# Bristol worms... how do i kill them?



## PheonixSaint (Jun 9, 2009)

Um there seems to be a lot in here and they're getting big, is there a fish or crab or anything that would eat them so i don't have to try to get them out myself??:chair:


----------



## Hoyo12 (May 18, 2009)

I know of two species that eat Brislteworms. There is the Bicolor Pseudochromis (A fish) and the Coral Banded Shrimp.


----------



## crazyfishlady (Nov 4, 2007)

How large is your tank? If you wanted a smaller fish the six lined wrasse is known for eating bristleworms and I've seen my skunk shrimp stick one of it's arms in a hole in my rock, pull out a bristleworm and start munching on it. There's also the Arrow Crab but, I would not suggest it if you have smaller fish or corals.


----------



## Tallonebball (Apr 6, 2009)

Bristle worms are a really bad pest that can destroy your tank, if they are getting big and there are a lot of them than putting a fish or crab in there won't work, in fact, the bristle-worms, if they have gotten out of control, will eat the fish and crab before they eat them.
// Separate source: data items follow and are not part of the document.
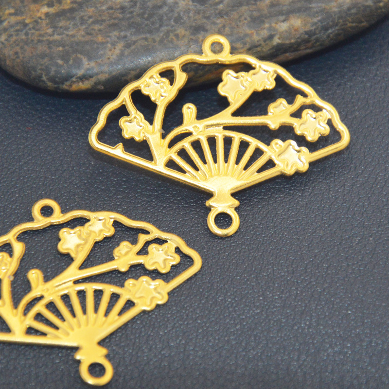 Diy古風アクセサリー材料透かし彫り扇子花片梅花扇形鉄花片ダブルペンダント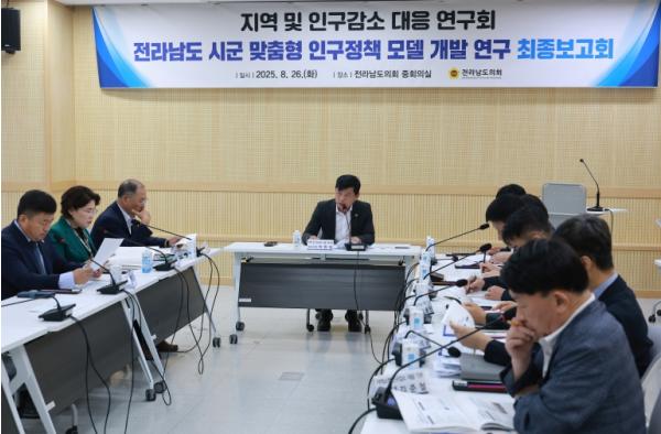 [중앙뉴스라인, 김민수기자] 전라남도의회 ‘지역 및 인구감소 대응 연구회’(대표의원 이현창)는 8월 26일 도의회 중회의실에서 '전라남도 시군 맞춤형 인구정책 모델 개발 연구' 최종보고회를 개최했다.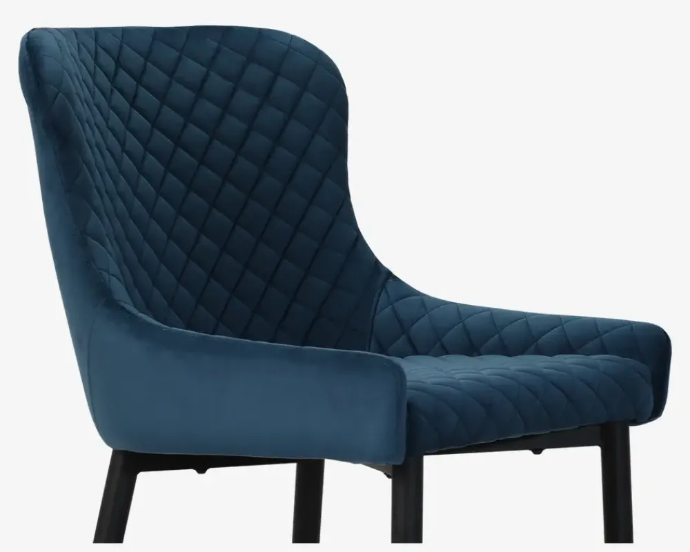 Flot spisestuestol som både fremstår klassisk og moderne på samme tid. Du får her en stol som både tilbyder en god fast siddekomfort, samtidig med at den har et flot design udtryk, som gør at den vil lyse op i mange indretninger. Spisestolen findes i 3 flotte farver, og vil derfor kunne bruges i mange forskellige sammenhænge både hvad angår stil, og indretning.Stolen er fremstillet i velour, mens benene er i sort lakeret stål. Stolen kræver ingen vedligeholdelse, og rengøringen foretages nemt, med en klud vredet op i rent vand. Eventuelt støv eller fnuller kan nem fjernes med en fnugrulle eller en støvsuger.Stolen leveres usamlet men samles uden problemer, hvis du benytter den medfølgende samlevejledning, spisebordsstolen leveres i pakker af 2 stk.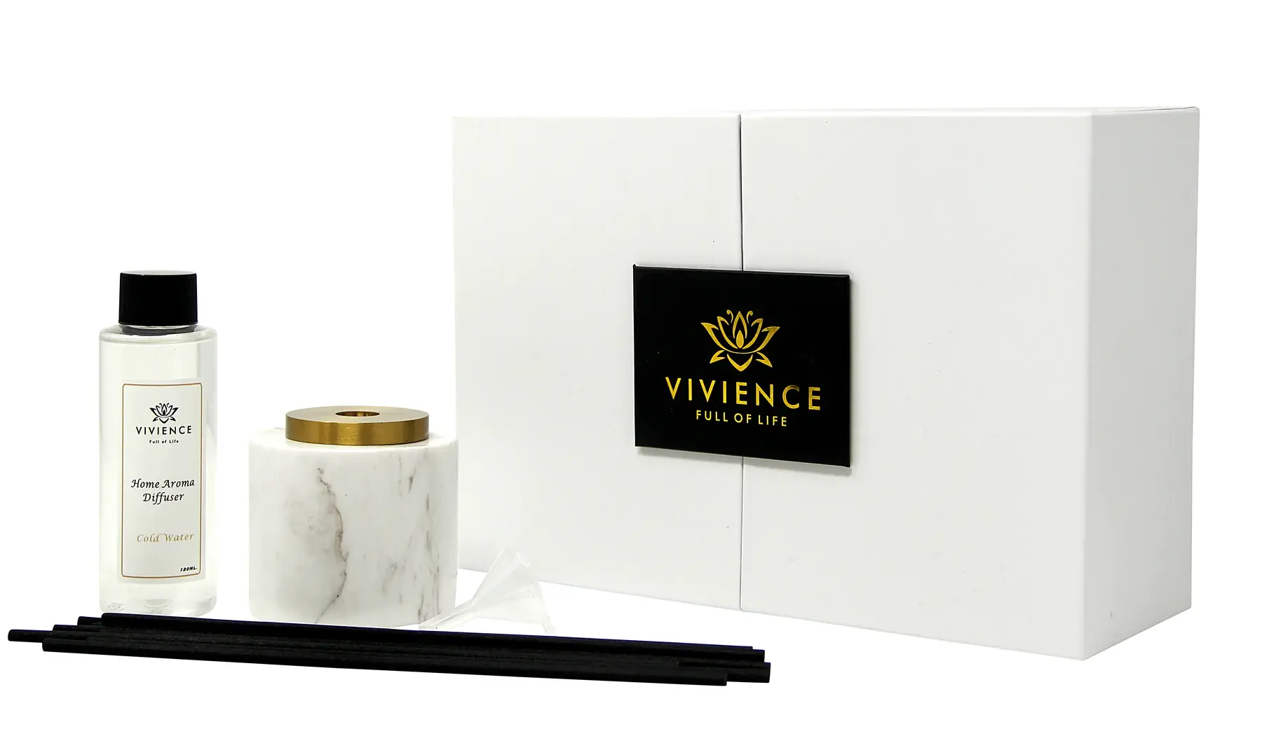 Vivience White Marble Reed Diffuser, "White Flower" Scent
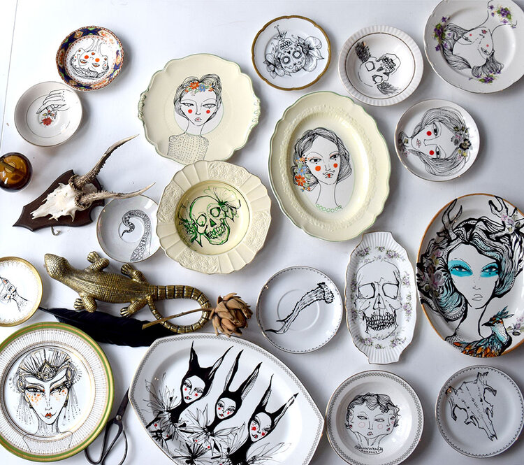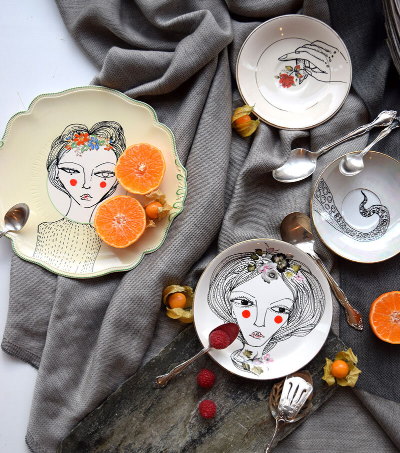 Private home paintings and public murals are something Gurdish has been doing since the beginning of her career, and the same goes for her artwork on dishes. She describes the latter as a recycling project since the plates she uses are found at antique stores or markets. She works with the motif that’s present by incorporating what’s already there into the details she creates. “I let the plate dictate the drawing.” They’re all individual, and she calls the process meditative – a stark contrast to how she describes painting murals. Her large-scale pieces have a different energy to them and working can feel “a bit like dancing.” She always listens to music while she paints and allows herself to loosen up. “You can be much more expressive with your mark making.”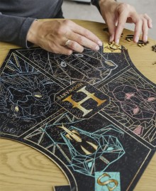 This sophisticated puzzle in a dark design conveys the depth and atmosphere of the legendary school of witchcraft and wizardry. The stylish contrast of clear shapes and deep shades emphasises the heraldry of the four houses – Gryffindor, Slytherin, Hufflepuff and Ravenclaw.

Bristle-worms are in most peoples tanks, they only get big and out of control if you are overfeeding which results in extra food for them. you have to lower the feeding or completely restart your tank. sorry..


----------



## PheonixSaint (Jun 9, 2009)

Hey Thanks for the advice, I have a small tank just a 24 gal and i'm just starting out, but yeah the biggest worm i had was like 4 in and i just removed his whole little rock but then i noticed all the rest of them, so anyways i got a banded shrimp for all the little ones, and a contraption called Trap'em for the larger ones, I'm gonna try it all out tonight.. I'd really rather not start over

I think later on after i remove my damsels, I'm going to get the 6 line wrasse, so hopefully that'll control them later on, We.ll see, thanks again


----------



## Fishfirst (Jan 24, 2005)

I'm going to disagree with Tallonebball. Bristleworms are generally harmless detritus eating creatures. A natural control will keep the population in check and you won't have any problems.


----------



## Tallonebball (Apr 6, 2009)

Im sorry, I wasn't clear enough, they are in everyone's tank and they aren't a pest until they get out of control, when they are out of control they are a problem.


----------



## PheonixSaint (Jun 9, 2009)

yeah and I'm sure that goes with everything, but i dropped in that shrimp a few days ago, and have been using that trap, nothing in the trap yet, but if the shrimp didn't eat them they definately went into hiding


----------